==== Supplied data

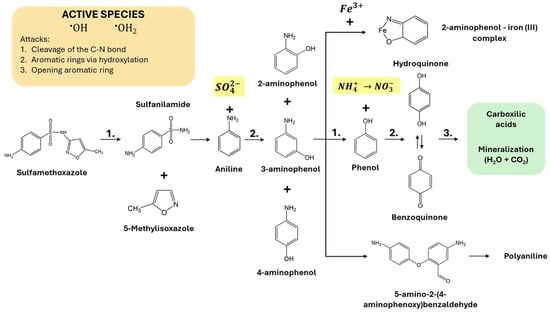 The process of sulfate formation during SMX oxidation involves several chemical reactions, mainly related to the degradation of the SMX heterocyclic ring and the oxidation of the sulfonamide group, which releases sulfate ions as the final product upon complete oxidation. Hydroxyl radicals attack the SMX molecule at different positions, including the sulfonamide group, and oxidized intermediate species such as sulfinic and sulfonic acids, and finally, sulfate ions, are produced.
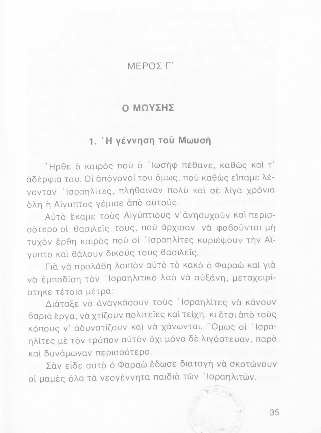 520 ## _aΣχολικό εγχειρίδιο Θρησκευτικών Γ΄ Δημοτικού που συνιστά μία εξιστόρηση της Παλαιάς Διαθήκης από τη δημιουργία του κόσμου ως τους Προφήτες.
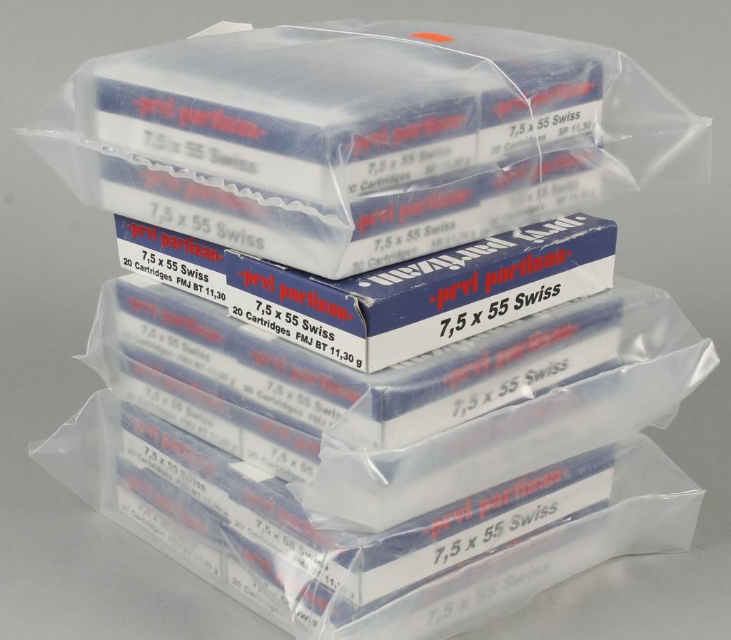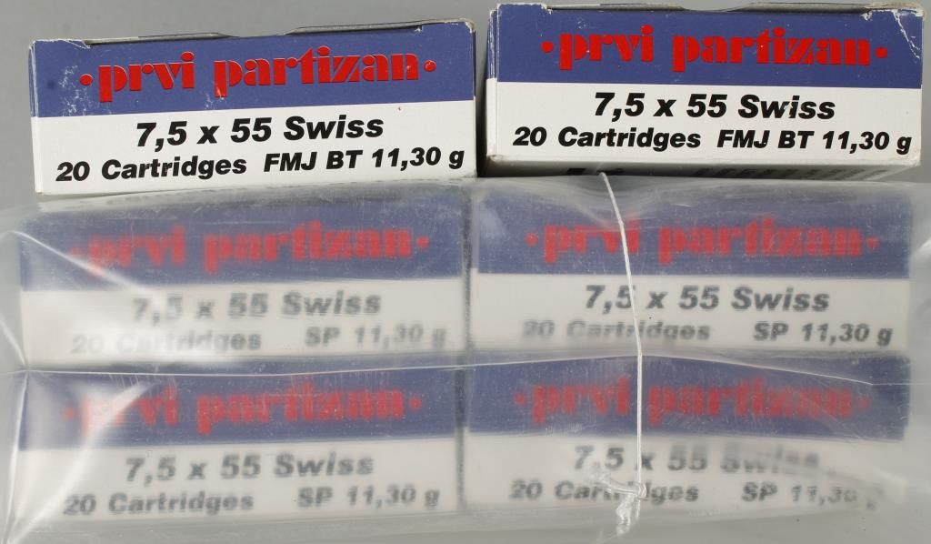 4 Boxes 7,5 X 55 Swiss 20 cartridges SP 11,30 g. 10 Boxes 7,5 X 55 Swiss 20 cartridges FMJ BT 174 gr.
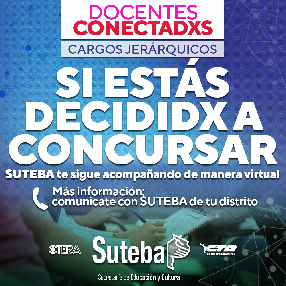 Si estás decididx e interesadx en ocupar un puesto de trabajo en conducción (Inspectorxs, Directorxs, Regentes, Jefxs de área y/o Secretarixs), desde el SUTEBA vamos a seguir acompañándote de manera online (DOCENTES CONECTADXS) con diferentes propuestas de formación; para que logres acceder fortalecidx y con mayores herramientas a esos puestos de trabajo.
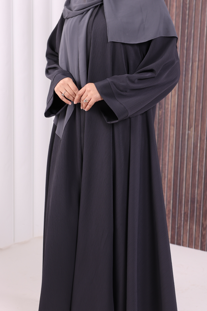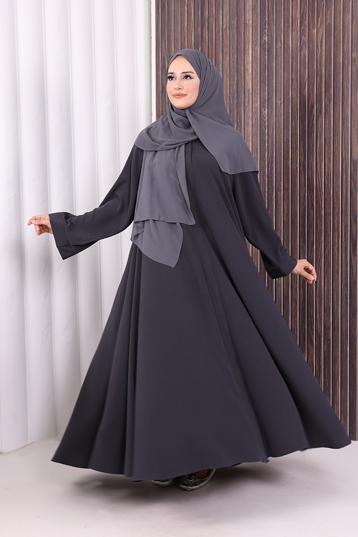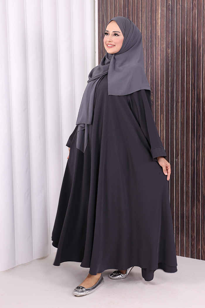 Çıt Çıt Düğme Detaylı Ferace Görünümlü Elbise 70020 Füme
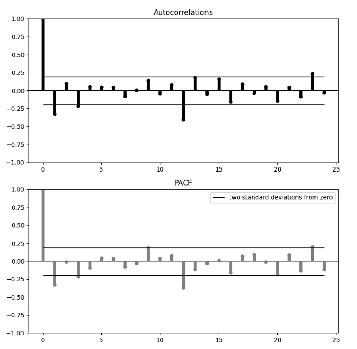 1. The ACF and PACF show us a cyclical(seasonal) pattern(12), which seems like they has seasonality
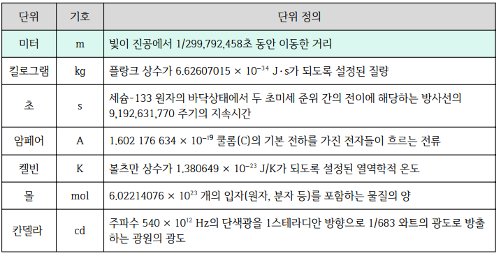 ♣ 미터 정의의 변화: 1950년대에는 미터의 정의가 지구 자오선의 길이에서 벗어나 더 정확한 물리적 현상에 기반하게 되었습니다. 1960년에는 크립톤-86 원자의 방출선 파장을 기준으로 미터가 다시 정의되었으며, 1983년에는 진공에서 빛이 1/299,792,458초 동안 이동하는 거리를 미터의 기준으로 정하게 되었습니다. 이는 오늘날까지 유지되고 있는 미터의 정의입니다.
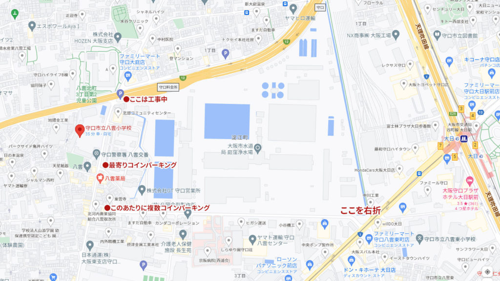最寄りにはいくつかコインパーキングがあったので、小学校の前にコインパーキングで子供たちを降ろし、車だけおきに行くなどする必要があるかもしれません。
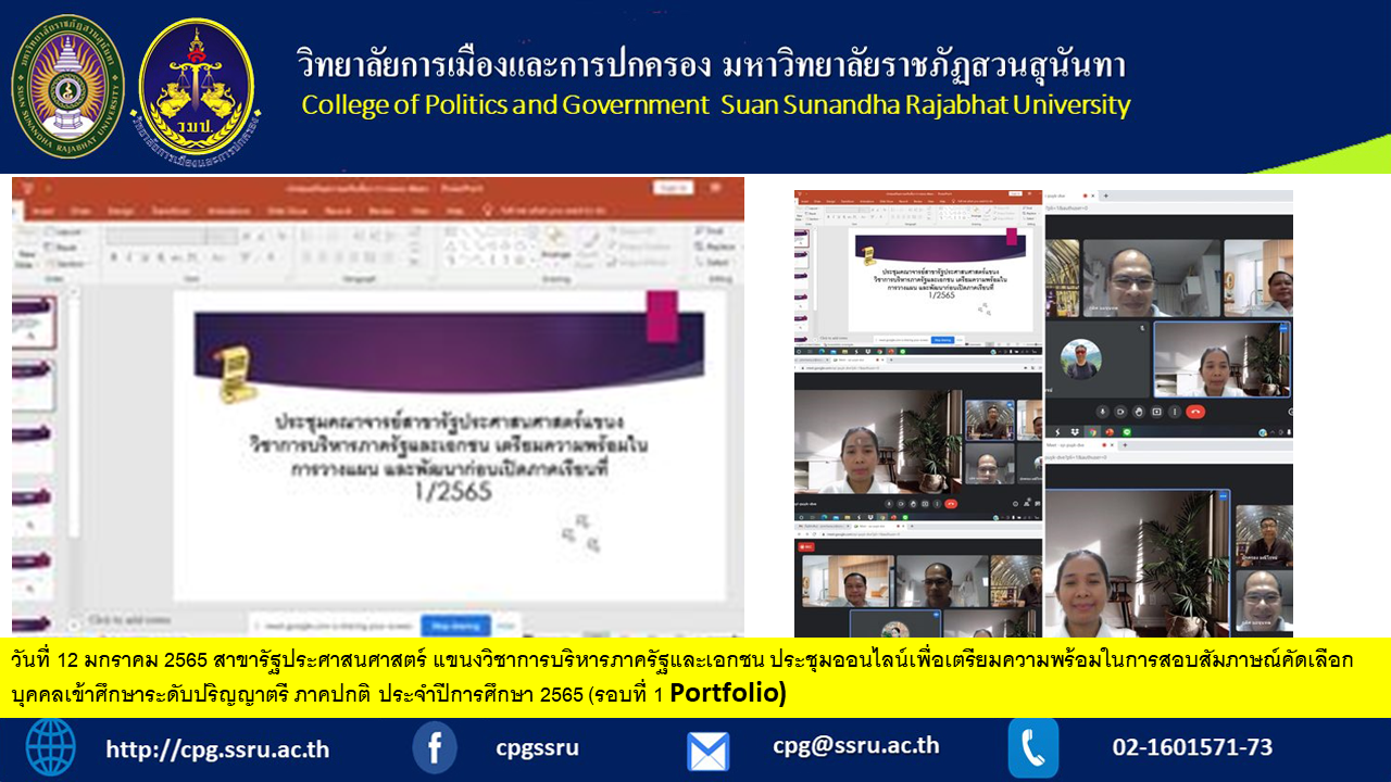 On January 12, 2022, online meeting in Public Administration in the field of public and private administration to prepare for the interview for the selection of persons entering the bachelor's degree, regular term, academic year 2022 (Round 1 Portfolio).

========

■ Assignment ■
Print exactly, and print only, the lines from the line with "있는 미터의 정의입니다." through the last line of the entries, both ends included. No pictures belong in the result.

■ Answer for this exercise ■
 ♣ 미터 정의의 변화: 1950년대에는 미터의 정의가 지구 자오선의 길이에서 벗어나 더 정확한 물리적 현상에 기반하게 되었습니다. 1960년에는 크립톤-86 원자의 방출선 파장을 기준으로 미터가 다시 정의되었으며, 1983년에는 진공에서 빛이 1/299,792,458초 동안 이동하는 거리를 미터의 기준으로 정하게 되었습니다. 이는 오늘날까지 유지되고 있는 미터의 정의입니다.
最寄りにはいくつかコインパーキングがあったので、小学校の前にコインパーキングで子供たちを降ろし、車だけおきに行くなどする必要があるかもしれません。
 On January 12, 2022, online meeting in Public Administration in the field of public and private administration to prepare for the interview for the selection of persons entering the bachelor's degree, regular term, academic year 2022 (Round 1 Portfolio).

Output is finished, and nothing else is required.